🤖 AI Summary
Diffusion-based large language models (dLLMs) suffer from limited reasoning capabilities without external reward models or explicit step-wise annotations.
Method: We propose Reward-Free Reasoning Guidance (RFG), a framework that implicitly models the log-likelihood ratio of the generation process. RFG estimates process-level rewards solely from output discrepancies between a reference model and the target model—eliminating reliance on external reward models or explicit reward supervision. It supports arbitrary-order generation, is compatible with diverse post-trained models (e.g., SFT, RLHF), and incorporates test-time sampling expansion for enhanced stability.

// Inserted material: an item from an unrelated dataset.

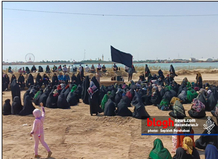
blogh news.com mazandaran.ir photo: Sepideh Purshaban

Results: On four challenging reasoning-intensive tasks—including mathematical reasoning and code generation—RFG achieves average accuracy gains of up to 9.2%. It is the first method to enhance dLLM reasoning without explicit reward signals, demonstrating both generality across model families and empirical effectiveness.
📝 Abstract
Diffusion large language models (dLLMs) have shown great potential in large-scale language modeling, and there is an increasing interest in further improving the capacity to solve complex problems by guiding the reasoning process step by step. Common practice for autoregressive language models typically learns a process reward model with dense annotation for each intermediate step. However, this is challenging for dLLMs where the generation is in an any-order fashion and intermediate states are partially masked sentences. To this end, in this paper, we propose reward-free guidance (RFG), a principled method for guiding the reasoning trajectory of dLLMs without explicit process reward. The key idea of RFG is to parameterize the process reward by log-likelihood ratios of the enhanced and reference dLLMs, where the enhanced model can be easily obtained by any off-the-shelf dLLM that has been post-trained with reinforcement learning (RL) or supervised fine-tuning (SFT). We provide theoretical justification that RFG induces the reward-guided sampling distribution with no additional reward. We conduct comprehensive experiments on four challenging mathematical reasoning and code generation benchmarks using a diverse suite of dLLMs enhanced with various post-training methods. RFG consistently yields significant improvements across all tasks and model types, achieving accuracy gains of up to 9.2%. These findings establish RFG as a general training-free framework that scales test-time reasoning without reliance on external reward models.